The data:
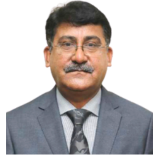
FROM THE OFFICE OF THE PRESIDENT
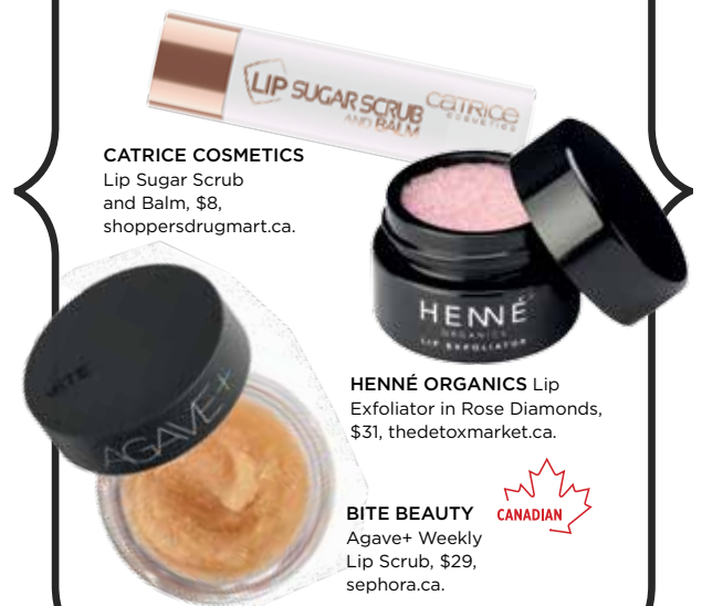
CATRICE COSMETICS Lip Sugar Scrub and Balm, $8, shoppersdrugmart.ca.

Beach breezes and summer sun chapping your lips? Keep them soft and supple with one of these luscious lip scrubs.
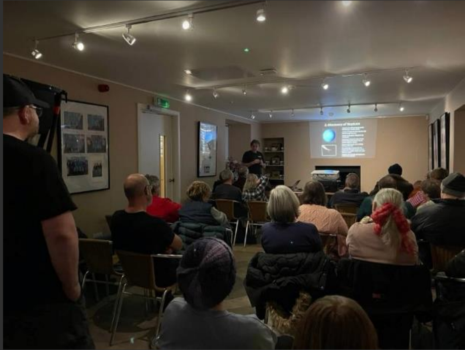
A talk by Cosmos Planetarium about Black Holes
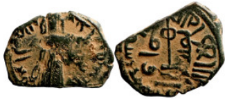
1139 Islamic coin 18mm 3,25g Artificial sand patina
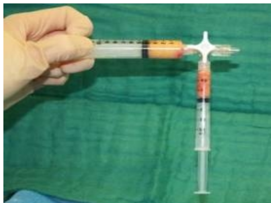
Fig. 3: Purified fat transfer from 10 ml Luer Lock® syringe to a 1 ml Luer Lock® syringe through a 3-ways connector.
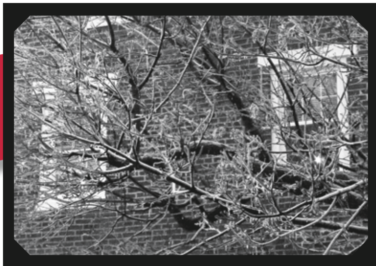
Brenda says, “This candle view is one of the more peaceful images of Christmas for me.”

♥ Must the manger be kept untouched by anything but
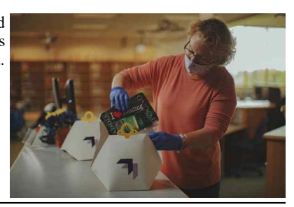
*Source: Baek Yeon-sik, 2016. Lee Seong-cheol, 2019 https://www.netmanias.com/ko/post/operator_news/8456; http://www.klive.co.kr/; Shin Dong-hyung. 2019; https://www.mk.co.kr/news/it/view/2020/05/546571/, https://www.nytimes.com/2020/06/17/us/google-wing-drones-virginia-books.html

The main expected effect that can be derived from the following examples is that services can be provided in a variety of ways for users who are difficult to make a visit. As such, unmanned book delivery service seems to be within the direction of library application. If remote control technology, artificial intelligence, drone technology and autonomous driving technology are used, book delivery service through unmanned vehicle control is likely to be available. In fact, as mentioned in <Table 10>, Wing's drone service has been used to provide library's drone-based book lending service for the first time to teenagers in the Montgomery County School District, Maryland. After receiving students' orders for books through Google Form, librarians at local libraries search for the books and prepare them by hanging the books on a string lowered to the ground by drones. Then, the drones go to the Wing's drone launch facility to deliver the books and pull back the string to terminate the delivery service
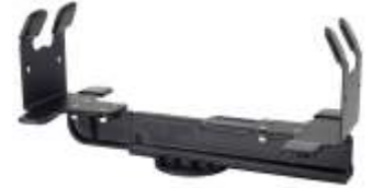
RAM-VPR-103 VEHICLE PRINTER BASE FOR THE HP- 450
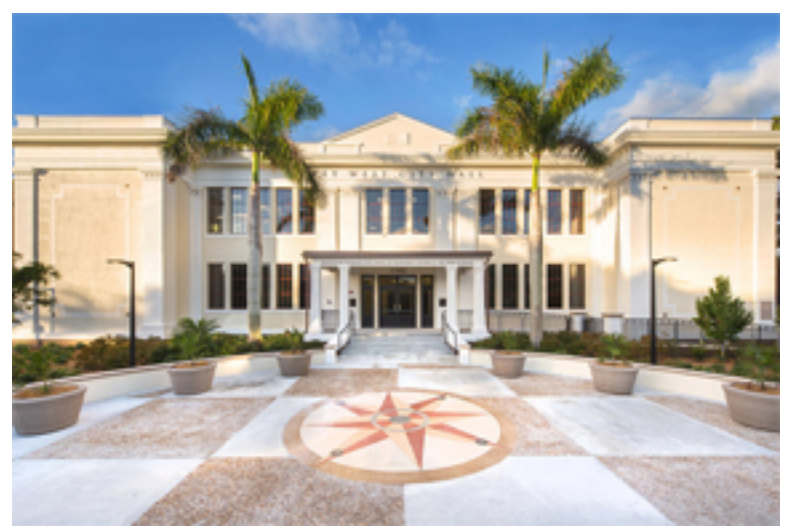
Figure 1# 1. Front Entrance - retaining wall
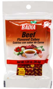
BEEF FLAVORED CUBES - 00078 12/1.25 OZ
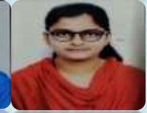
Muskanaliya Varavi 71.36%
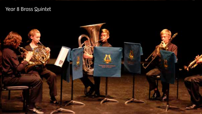
Year 8 Brass Quintet
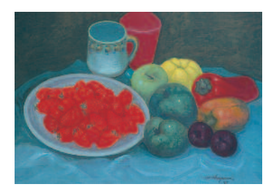
Strawberries, 62.5 x 79.6 cm, 1995 (distemper on canvas and wood).
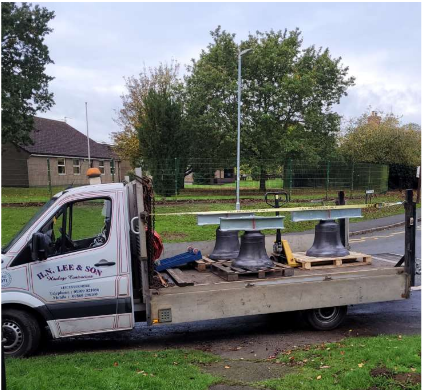
The Three Additional Bells Arrive at St Mary's Tetford at 9.30am on Tuesday 21 st October 2025
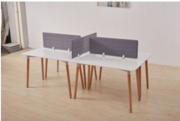
Acoustic Partition Screen
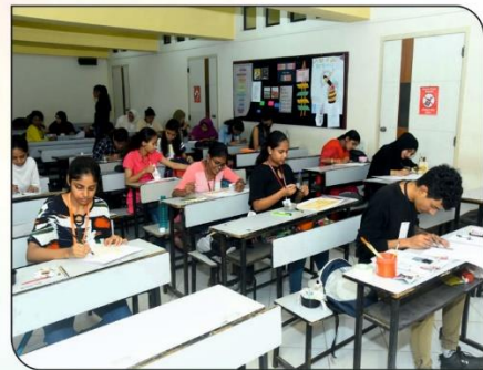
Coffee Painting at Fine Arts event
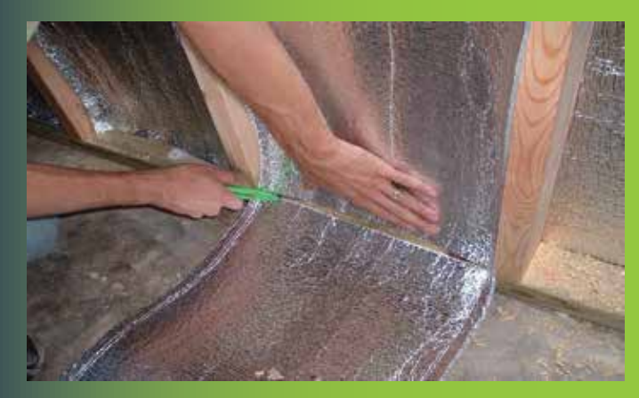
Cut To Length And....
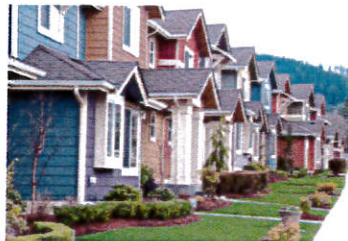
Live safely and comfortably
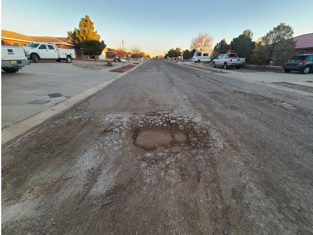
Figure 1: Subgrade exposure

A site review was performed to assess the severity and extent of material and structural distress in the existing pavement. After a careful evaluation, it was determined that the existing pavement has reached its life span and it needs immediate replacement.
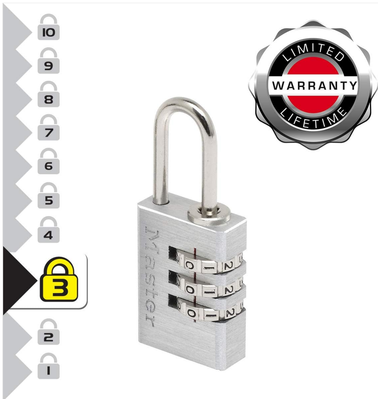
Figure 3: Side view of the padlock, showing the shackle and body.
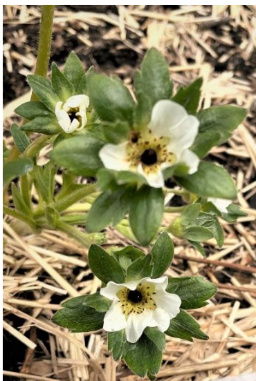
Figure 28: Strawberry flowers with black centers have frost / freeze damage.

Description: Open strawberry blossoms can be damaged by freezing temperatures and frost. Blossoms with damage have black centers and will not develop berries. Blossoms with partial damage will develop misshapen berries. Blossoms that are not open will survive and not be affected. Normal strawberry blossoms have yellow centers.
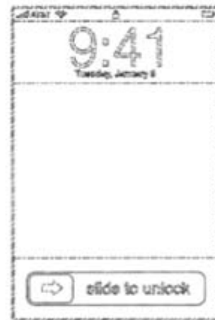
Apple's US D675,639 Slide-to-Unlock Design Patent

Design patents are governed by 35 U.S.C. §171, which provides that: [w]hoever invents any new, original and ornamental design for an article of manufacture may obtain a patent therefor, subject to the conditions and requirements of this title. According to In re Zahn , 617 F.2d 261, 204 USPQ 988 (CCPA 1980), 35 U.S.C. §171 refers not to the design of an article but to the design for an article, and is inclusive of ornamental designs of all kinds, including surface ornamentation as well as configuration of goods.
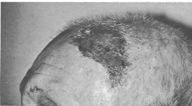
Two weeks after the accident; new hair growth has started.
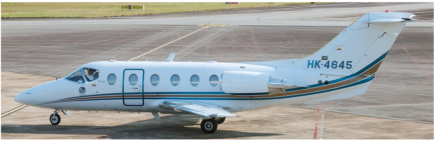
Servicio Aéreo de Capurgana is the current operator for Beech 400A HK-4645 since June 2009. (Paramaribo, 23 November 2017,)
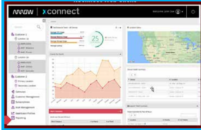
Real-time data to audit, manage and maintain security systems

Get email or push notifications about potential issues before hardware malfunctions happen.
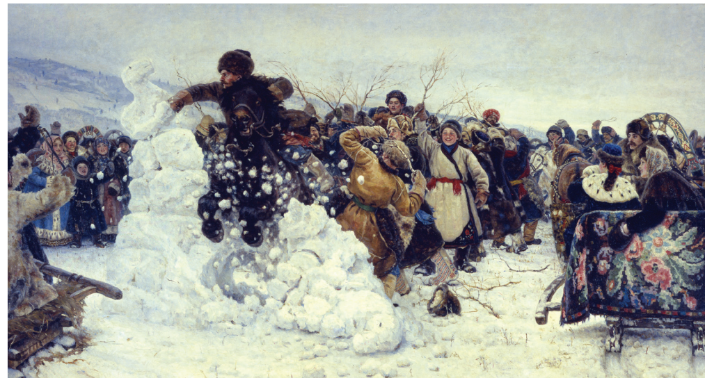
Vasily Surikov, The Storming of a Snow Fortress (1891), oil on canvas, State Russian Museum, St. Petersburg
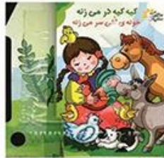
Kiyeh kiyeh dar mizane... (author and illustrator) audio book
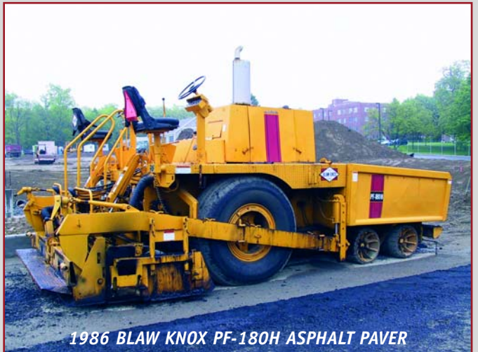
1986 BLAW KNOX PF-180H ASPHALT PAVER

IMPORTANT NOTICE: THE INFORMATION DESCRIBED IN THIS BROCHURE IS CORRECT TO THE BEST OF OUR KNOWLEDGE BUT WE CANNOT GUARANTEE SAME. IT IS FOR THIS REASON THAT BUYERS SHOULD AVAIL THEMSELVES OF THE OPPORTUNITY FOR INSPECTION PRIOR TO THE SALE.
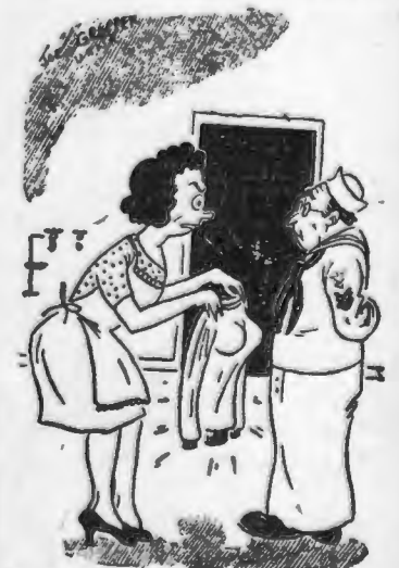
"ARE YOU SURE YOU BOUGHT THIS SWEATER AT SMALL STORES?"

C P O CLUB Thursday 2030 SCHUBERT, MELODY MASTER
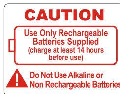
(11) Battery Charging Sticker
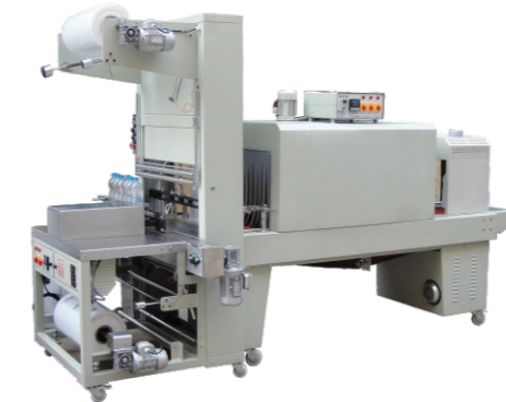
Automatic Web Sealer With Shrink Tunnel MS Powder Coated
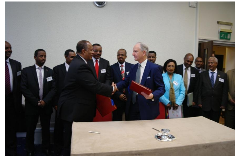
Ethiopia and the UK signed an agreement on avoidance of double taxation before the Forum began. Ambassador Berhanu Kebede and the UK Minister for Africa Henry Bellingham MP signed the accord representing the two sides in the presence of the Deputy Premier and Foreign Minister Hailemariam Desalegn, as well as high level government officials.
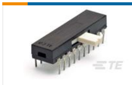
TE Part #1-1825010-8 ASE42L04=4PDT AUTOSLIDE
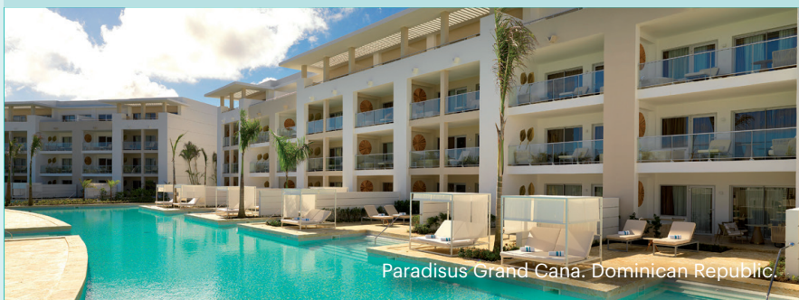
Paradisus Grand Cana, Dominican Republic.

1 The value of points when redeemed depends on each partner. This is just an example. All the redemption values are published in the area for logged-in users on meliarewards.com and in the hotel points of sale.
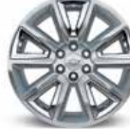
22" Painted-Aluminum with Chrome Inserts (Available on LTZ)

PERSONALIZE YOUR TAHOE. CONTACT YOUR NEAREST CHEVROLET DEALER FOR MORE INFORMATION.
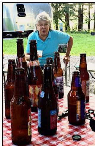
Put the 3 things Billy loves in the correct order.
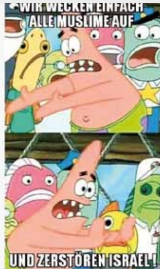
Character from SpongeBob with hateful message put into his mouth 'We just wake up all Muslims and destroy Israel'

Young people often find the 'cool' design and the provocative statements in the images attractive and integrate them in their profiles in the social media. By these means, the messages also reach young users who are not part of the extremist scene.
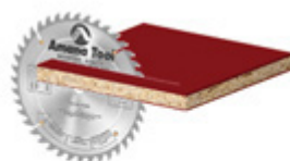
Plastic Laminate Single & Double Sided

Work to be completed: Reproduce every entry exactly, but omit each picture.

Response:
FROM THE OFFICE OF THE PRESIDENT
CATRICE COSMETICS Lip Sugar Scrub and Balm, $8, shoppersdrugmart.ca.

Beach breezes and summer sun chapping your lips? Keep them soft and supple with one of these luscious lip scrubs.
A talk by Cosmos Planetarium about Black Holes
1139 Islamic coin 18mm 3,25g Artificial sand patina
Fig. 3: Purified fat transfer from 10 ml Luer Lock® syringe to a 1 ml Luer Lock® syringe through a 3-ways connector.
Brenda says, “This candle view is one of the more peaceful images of Christmas for me.”

♥ Must the manger be kept untouched by anything but
*Source: Baek Yeon-sik, 2016. Lee Seong-cheol, 2019 https://www.netmanias.com/ko/post/operator_news/8456; http://www.klive.co.kr/; Shin Dong-hyung. 2019; https://www.mk.co.kr/news/it/view/2020/05/546571/, https://www.nytimes.com/2020/06/17/us/google-wing-drones-virginia-books.html

The main expected effect that can be derived from the following examples is that services can be provided in a variety of ways for users who are difficult to make a visit. As such, unmanned book delivery service seems to be within the direction of library application. If remote control technology, artificial intelligence, drone technology and autonomous driving technology are used, book delivery service through unmanned vehicle control is likely to be available. In fact, as mentioned in <Table 10>, Wing's drone service has been used to provide library's drone-based book lending service for the first time to teenagers in the Montgomery County School District, Maryland. After receiving students' orders for books through Google Form, librarians at local libraries search for the books and prepare them by hanging the books on a string lowered to the ground by drones. Then, the drones go to the Wing's drone launch facility to deliver the books and pull back the string to terminate the delivery service
RAM-VPR-103 VEHICLE PRINTER BASE FOR THE HP- 450
Figure 1# 1. Front Entrance - retaining wall
BEEF FLAVORED CUBES - 00078 12/1.25 OZ
Muskanaliya Varavi 71.36%
Year 8 Brass Quintet
Strawberries, 62.5 x 79.6 cm, 1995 (distemper on canvas and wood).
The Three Additional Bells Arrive at St Mary's Tetford at 9.30am on Tuesday 21 st October 2025
Acoustic Partition Screen
Coffee Painting at Fine Arts event
Cut To Length And....
Live safely and comfortably
Figure 1: Subgrade exposure

A site review was performed to assess the severity and extent of material and structural distress in the existing pavement. After a careful evaluation, it was determined that the existing pavement has reached its life span and it needs immediate replacement.
Figure 3: Side view of the padlock, showing the shackle and body.
Figure 28: Strawberry flowers with black centers have frost / freeze damage.

Description: Open strawberry blossoms can be damaged by freezing temperatures and frost. Blossoms with damage have black centers and will not develop berries. Blossoms with partial damage will develop misshapen berries. Blossoms that are not open will survive and not be affected. Normal strawberry blossoms have yellow centers.
Apple's US D675,639 Slide-to-Unlock Design Patent

Design patents are governed by 35 U.S.C. §171, which provides that: [w]hoever invents any new, original and ornamental design for an article of manufacture may obtain a patent therefor, subject to the conditions and requirements of this title. According to In re Zahn , 617 F.2d 261, 204 USPQ 988 (CCPA 1980), 35 U.S.C. §171 refers not to the design of an article but to the design for an article, and is inclusive of ornamental designs of all kinds, including surface ornamentation as well as configuration of goods.
Two weeks after the accident; new hair growth has started.
Servicio Aéreo de Capurgana is the current operator for Beech 400A HK-4645 since June 2009. (Paramaribo, 23 November 2017,)
Real-time data to audit, manage and maintain security systems

Get email or push notifications about potential issues before hardware malfunctions happen.
Vasily Surikov, The Storming of a Snow Fortress (1891), oil on canvas, State Russian Museum, St. Petersburg
Kiyeh kiyeh dar mizane... (author and illustrator) audio book
1986 BLAW KNOX PF-180H ASPHALT PAVER

IMPORTANT NOTICE: THE INFORMATION DESCRIBED IN THIS BROCHURE IS CORRECT TO THE BEST OF OUR KNOWLEDGE BUT WE CANNOT GUARANTEE SAME. IT IS FOR THIS REASON THAT BUYERS SHOULD AVAIL THEMSELVES OF THE OPPORTUNITY FOR INSPECTION PRIOR TO THE SALE.
"ARE YOU SURE YOU BOUGHT THIS SWEATER AT SMALL STORES?"

C P O CLUB Thursday 2030 SCHUBERT, MELODY MASTER
(11) Battery Charging Sticker
Automatic Web Sealer With Shrink Tunnel MS Powder Coated
Ethiopia and the UK signed an agreement on avoidance of double taxation before the Forum began. Ambassador Berhanu Kebede and the UK Minister for Africa Henry Bellingham MP signed the accord representing the two sides in the presence of the Deputy Premier and Foreign Minister Hailemariam Desalegn, as well as high level government officials.
TE Part #1-1825010-8 ASE42L04=4PDT AUTOSLIDE
Paradisus Grand Cana, Dominican Republic.

1 The value of points when redeemed depends on each partner. This is just an example. All the redemption values are published in the area for logged-in users on meliarewards.com and in the hotel points of sale.
22" Painted-Aluminum with Chrome Inserts (Available on LTZ)

PERSONALIZE YOUR TAHOE. CONTACT YOUR NEAREST CHEVROLET DEALER FOR MORE INFORMATION.
Put the 3 things Billy loves in the correct order.
Character from SpongeBob with hateful message put into his mouth 'We just wake up all Muslims and destroy Israel'

Young people often find the 'cool' design and the provocative statements in the images attractive and integrate them in their profiles in the social media. By these means, the messages also reach young users who are not part of the extremist scene.
Plastic Laminate Single & Double Sided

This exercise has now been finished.